WHAT THE TASK REQUIRES >>
Return the material below exactly, but only from the line with "波司登极寒鹅绒羽绒服男款90" through the line with "아래로 스크롤을 내려보면[Debugger]", and without its pictures.

INPUT >>
++++++++++

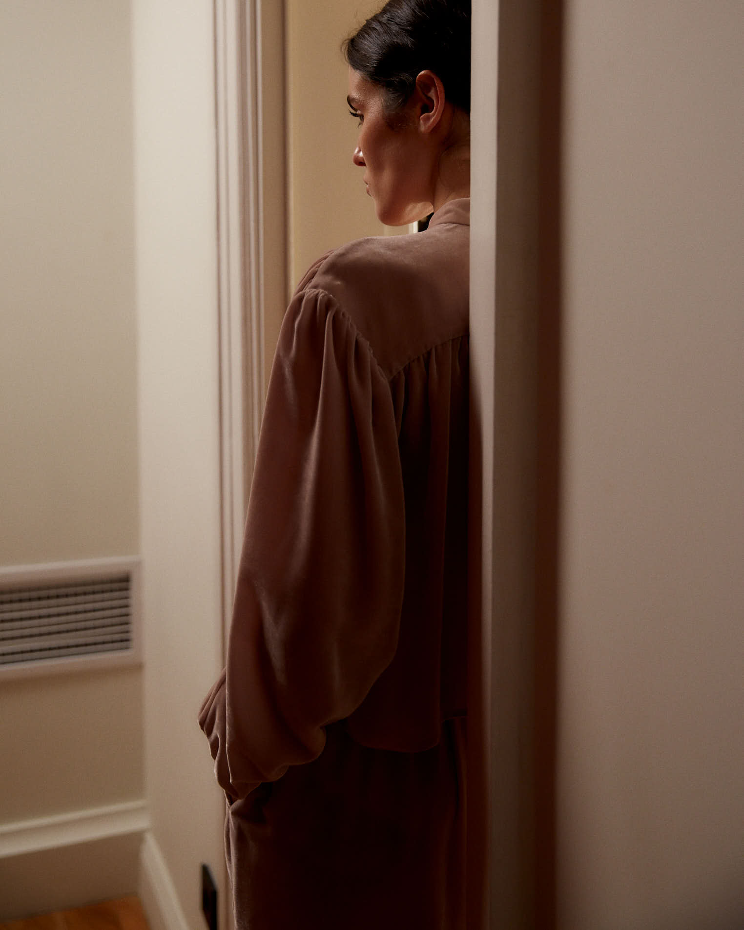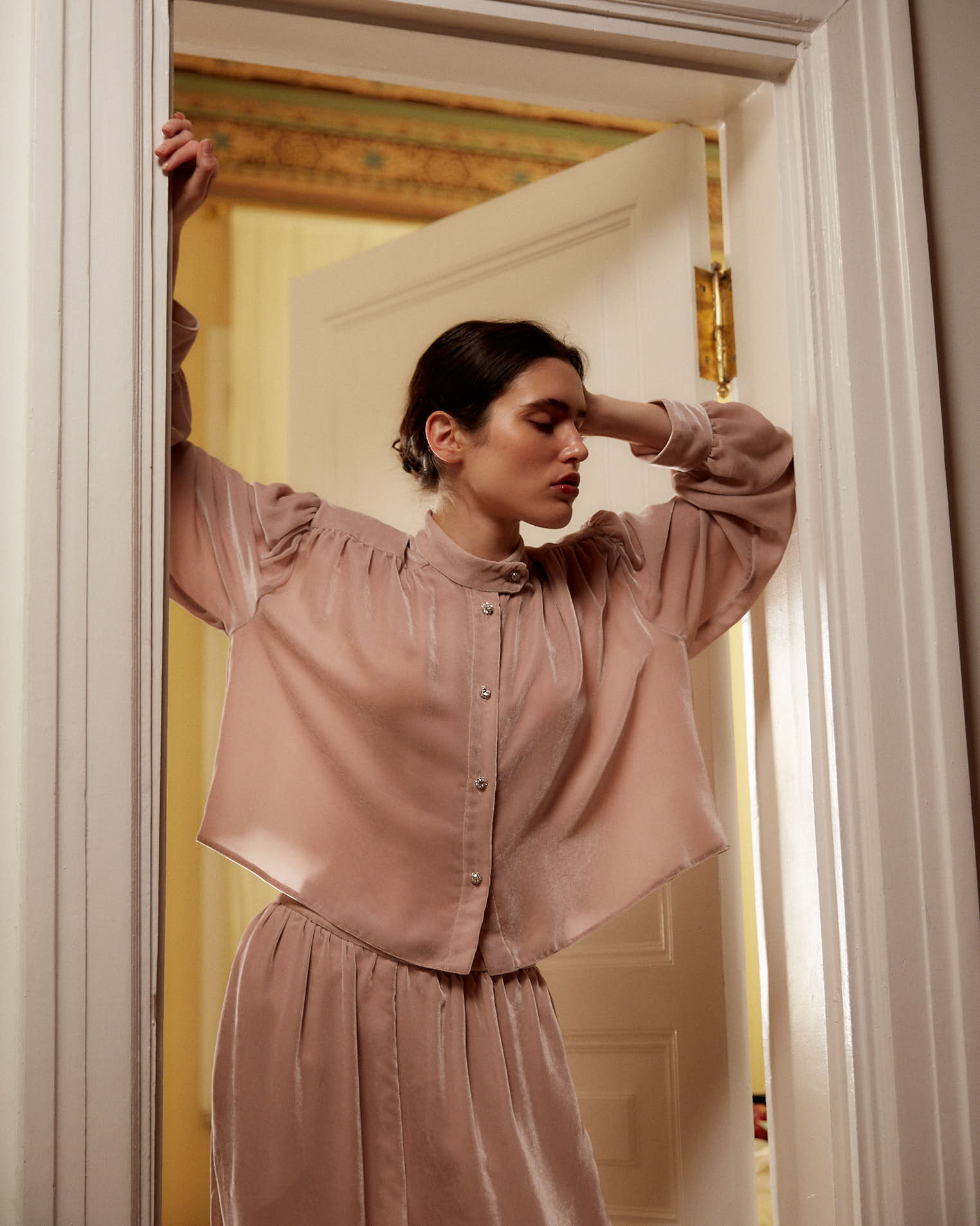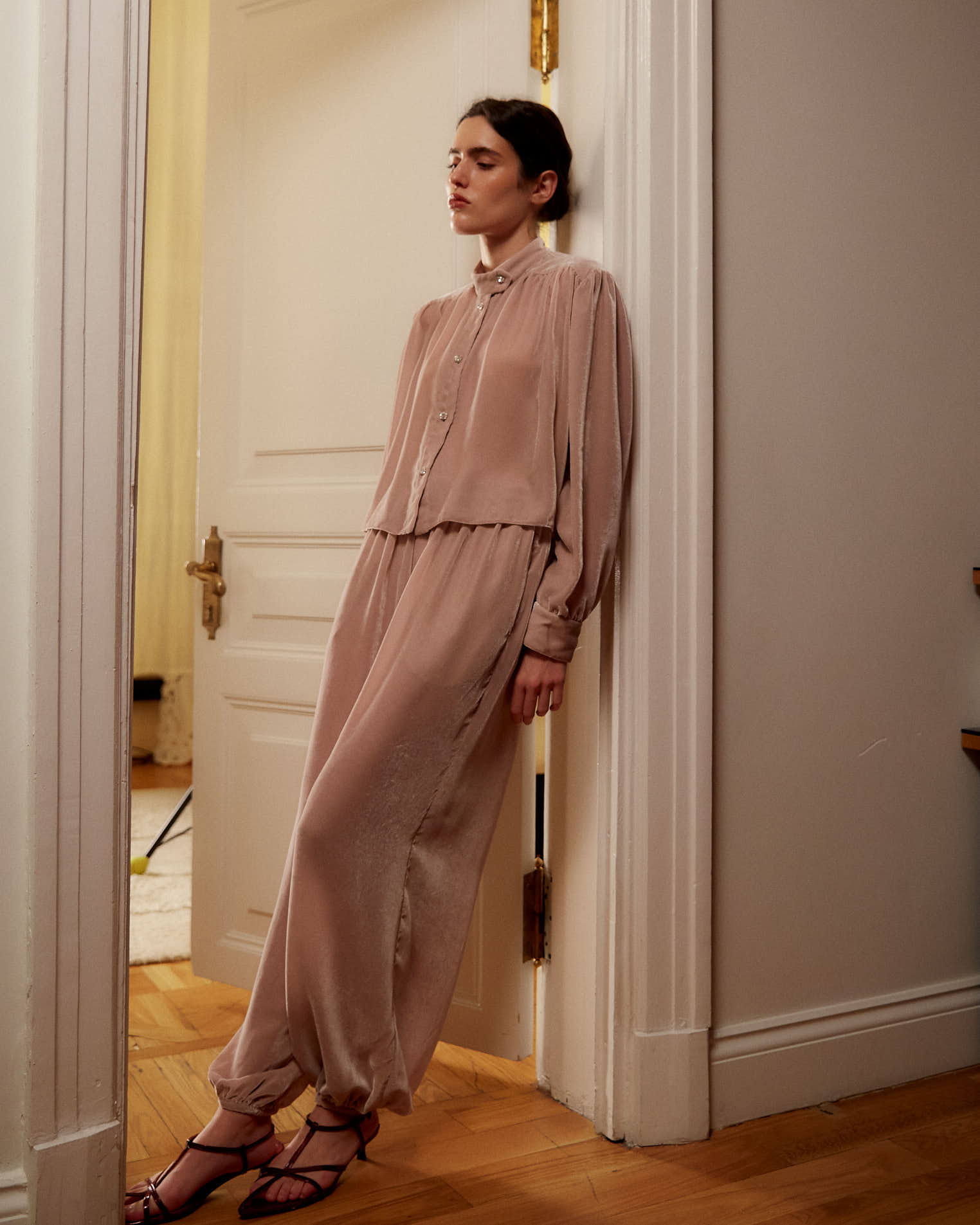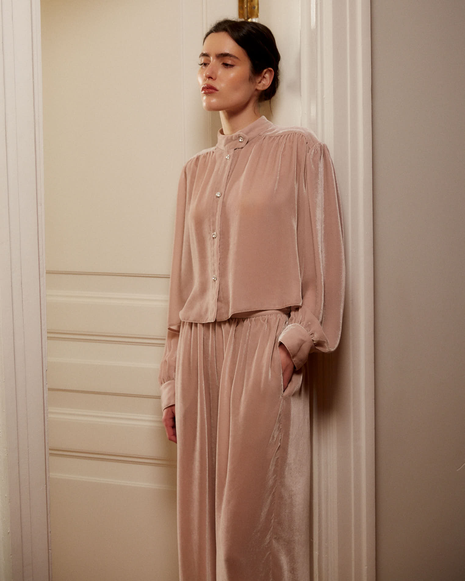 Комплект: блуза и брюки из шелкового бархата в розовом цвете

++++++++++

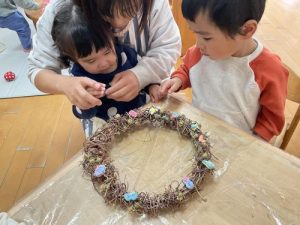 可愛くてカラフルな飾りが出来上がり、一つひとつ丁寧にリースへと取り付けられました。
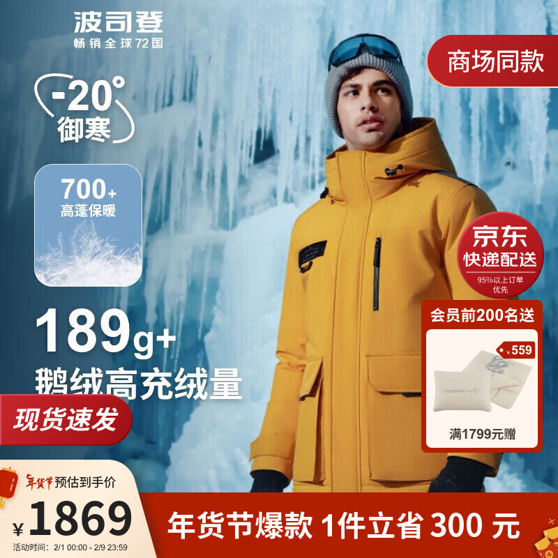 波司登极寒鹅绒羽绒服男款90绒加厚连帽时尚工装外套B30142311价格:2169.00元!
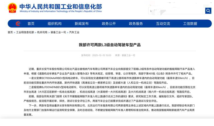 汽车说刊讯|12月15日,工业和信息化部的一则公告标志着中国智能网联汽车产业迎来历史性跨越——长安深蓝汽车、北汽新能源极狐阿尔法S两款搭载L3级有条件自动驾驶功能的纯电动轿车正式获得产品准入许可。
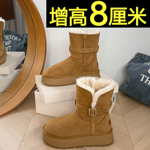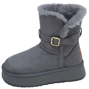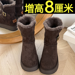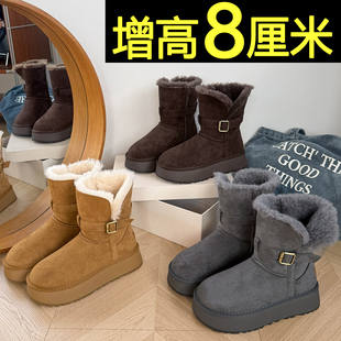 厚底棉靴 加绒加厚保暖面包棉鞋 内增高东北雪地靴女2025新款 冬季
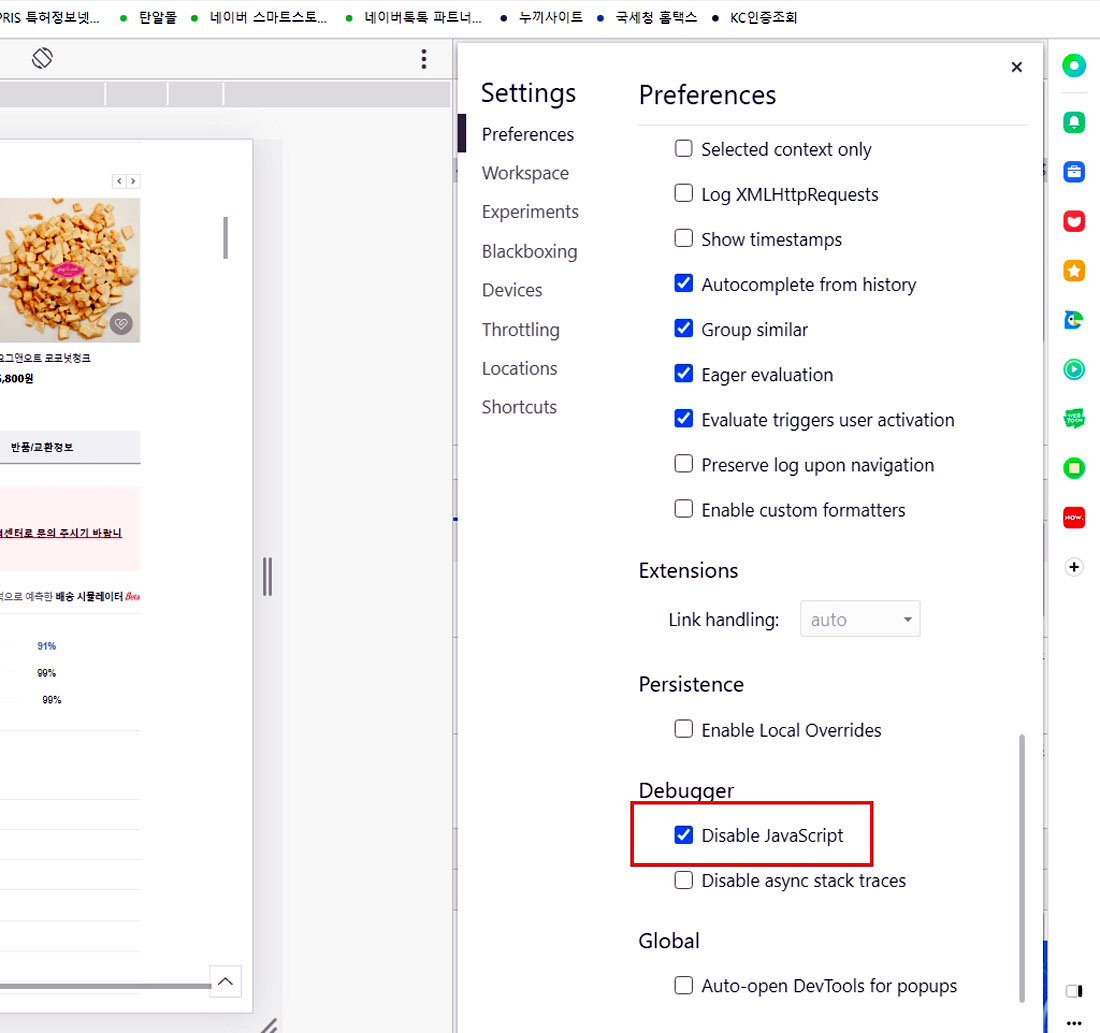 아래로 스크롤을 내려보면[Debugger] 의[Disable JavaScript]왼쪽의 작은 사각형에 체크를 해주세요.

++++++++++

TASK OUTPUT >>
 波司登极寒鹅绒羽绒服男款90绒加厚连帽时尚工装外套B30142311价格:2169.00元!
 汽车说刊讯|12月15日,工业和信息化部的一则公告标志着中国智能网联汽车产业迎来历史性跨越——长安深蓝汽车、北汽新能源极狐阿尔法S两款搭载L3级有条件自动驾驶功能的纯电动轿车正式获得产品准入许可。
 厚底棉靴 加绒加厚保暖面包棉鞋 内增高东北雪地靴女2025新款 冬季
 아래로 스크롤을 내려보면[Debugger] 의[Disable JavaScript]왼쪽의 작은 사각형에 체크를 해주세요.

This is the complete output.